Over 90% of the Italian chain’s creditors voted to approve the plan today (31 May).
It comes after pre-tax profits at the group fell 81% to £982,000 in the year to September 2016, despite revenues rising 2.7%.
Up to 30 of Carluccio's 103 UK sites will be impacted, though the company says it will make further announcements on closures “when practicable”.
The vote will see Carluccio’s owner Landmark, which bought the chain for £90m in 2010, invest £10m in refurbishing its remaining restaurants.
“This vote was vital to protect our strong core business and the Carluccio’s brand,” says Carluccio's CEO Mark Jones, who joined the business in January.

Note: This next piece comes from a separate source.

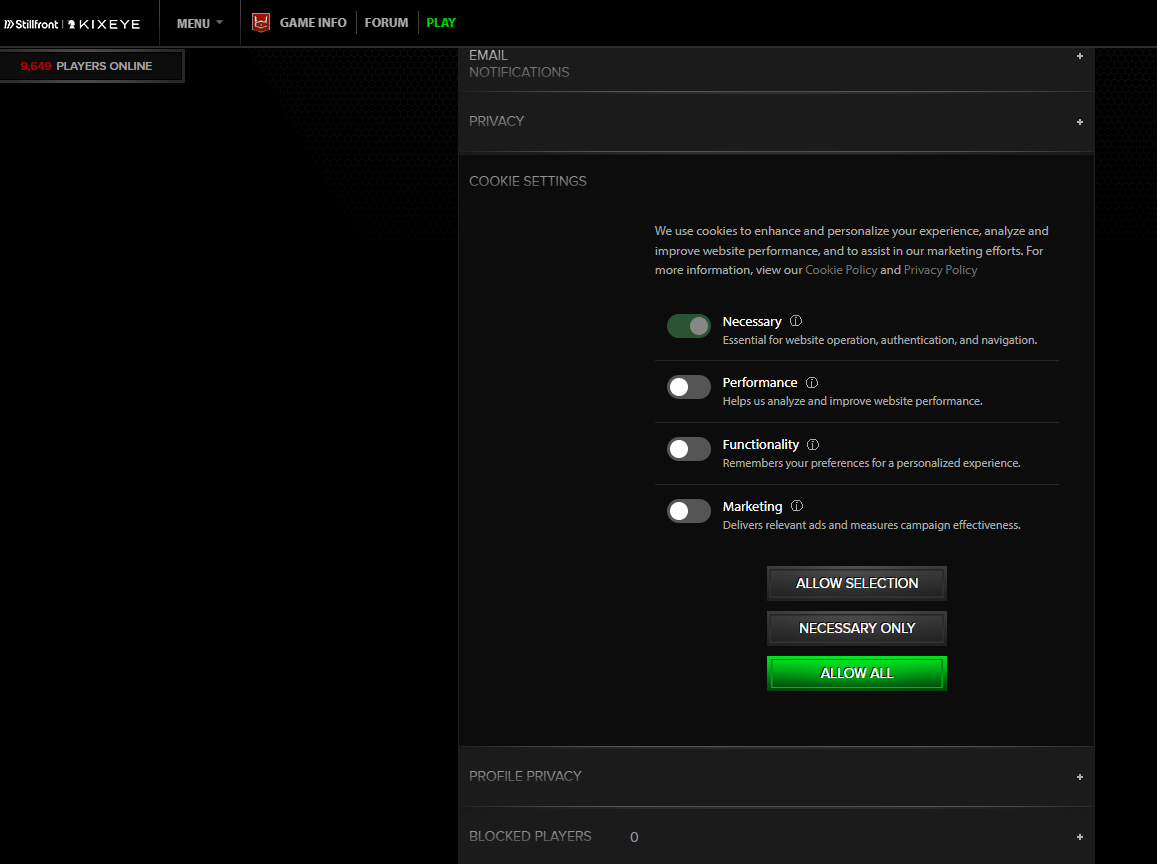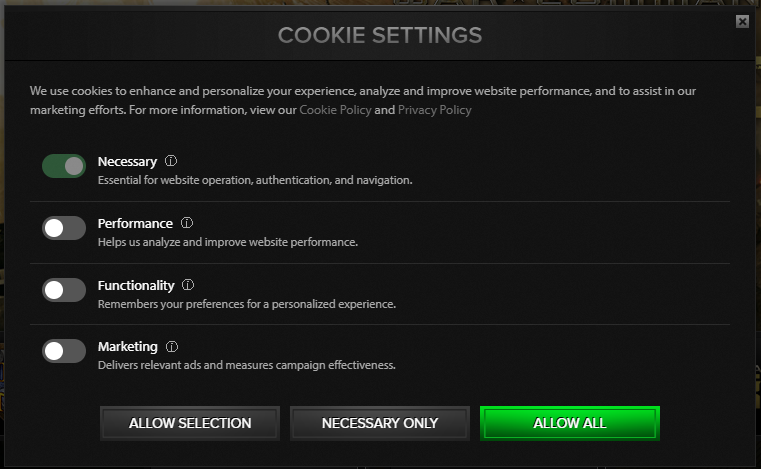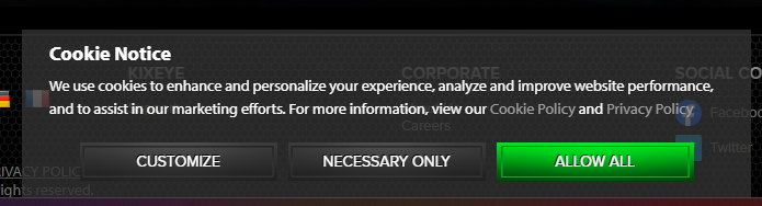 Starting today, when you visit KIXEYE.com you may notice a pop-up asking you to allow cookies. This was previously an automatic process but now requires you to choose either Necessary Only, Allow All, or a custom combination. This is not a security breach or anything invasive to your device. This is a normal process for nearly all websites these days.

“The positive outcome enables us to kick-start an extensive programme of reinvigoration across our estate - with the aim of elevating the guest experience and underpinned by our brand ethos of minimum of fuss, maximum of flavour, which was so passionately championed by our founder Antonio Carluccio.”
The Italian chain launched in the 1990’s and has sought to revamp its format over the past two years, launching the now-closed grab-and-go Via Carluccio’s site and introducing pizza to its menu for the first time.
It has opened three Marriott hotel restaurants since 2016, which Jones says are “particularly suited” to the brand.
High street chains Jamie's Italian, Prezzo and Byron have all closed restaurants this year using CVA's amidst tough trading conditions on the high street.